Exercise data:
+ + + + + + +

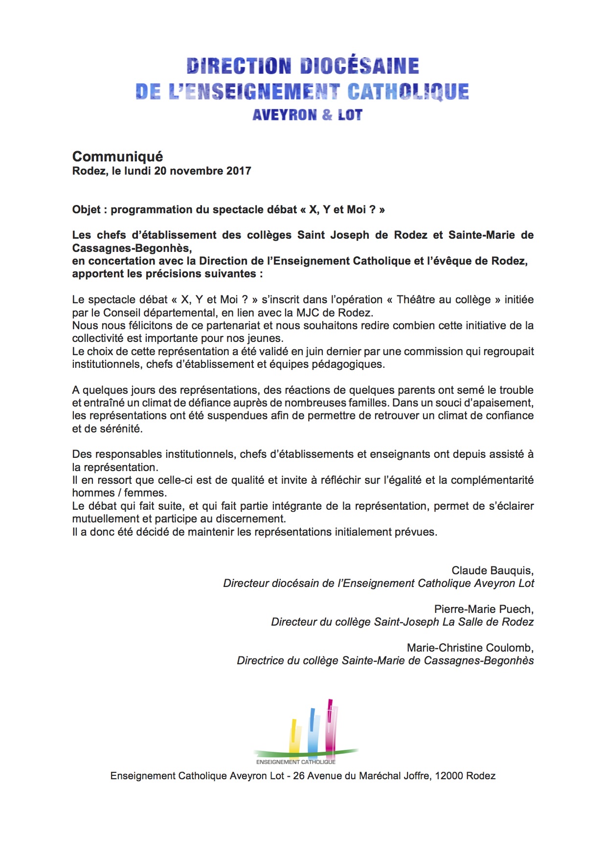 Aveyronnais de naissance et de coeur, je suis triste d’apprendre que le directeur de l’enseignement catholique et donc (?) l’évêque de Rodez aient cru bon de se croire « dans le vent » en cautionnant la diffusion d’une pièce de théâtre engagée et précisément sujette …. à caution.
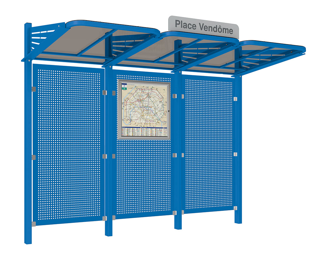 Wartehalle Convi Verkleidungen aus Stahl Farbe:RAL 5010|Struktur:Ohne Seitenverkleidung
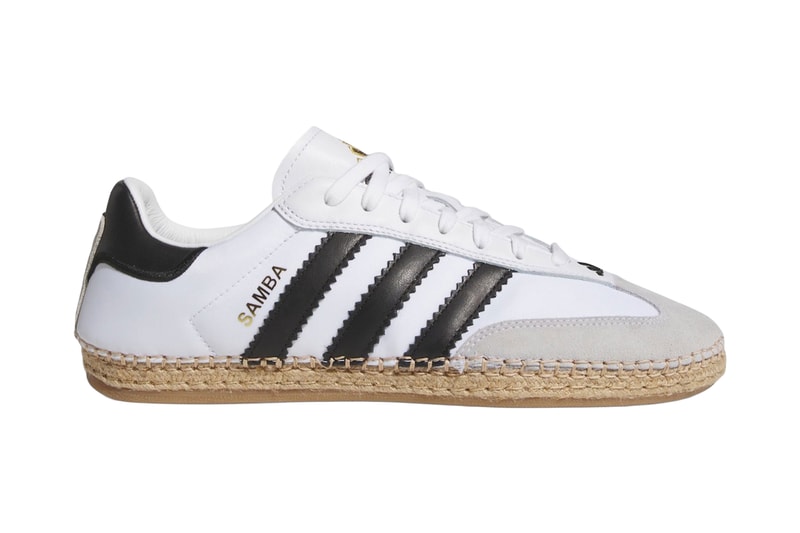 The adidas Samba Espadrille is a modern twist on the beloved T-toe sneaker. With a jute-wrapped midsole, this shoe is perfect for those hot summer days. It comes in a timeless white and black colorway, making it a versatile choice for any outfit. The suede heel is adorned with a luxurious CLOT logo, while the updated Gazelle Indoor outsole adds a fresh touch to the original Samba design.

+ + + + + + +

Work task: Output only the lines that run from the line containing "Wartehalle Convi Verkleidungen" to the last line of the data, exactly as they stand and without pictures.

Exercise solution:
 Wartehalle Convi Verkleidungen aus Stahl Farbe:RAL 5010|Struktur:Ohne Seitenverkleidung
 The adidas Samba Espadrille is a modern twist on the beloved T-toe sneaker. With a jute-wrapped midsole, this shoe is perfect for those hot summer days. It comes in a timeless white and black colorway, making it a versatile choice for any outfit. The suede heel is adorned with a luxurious CLOT logo, while the updated Gazelle Indoor outsole adds a fresh touch to the original Samba design.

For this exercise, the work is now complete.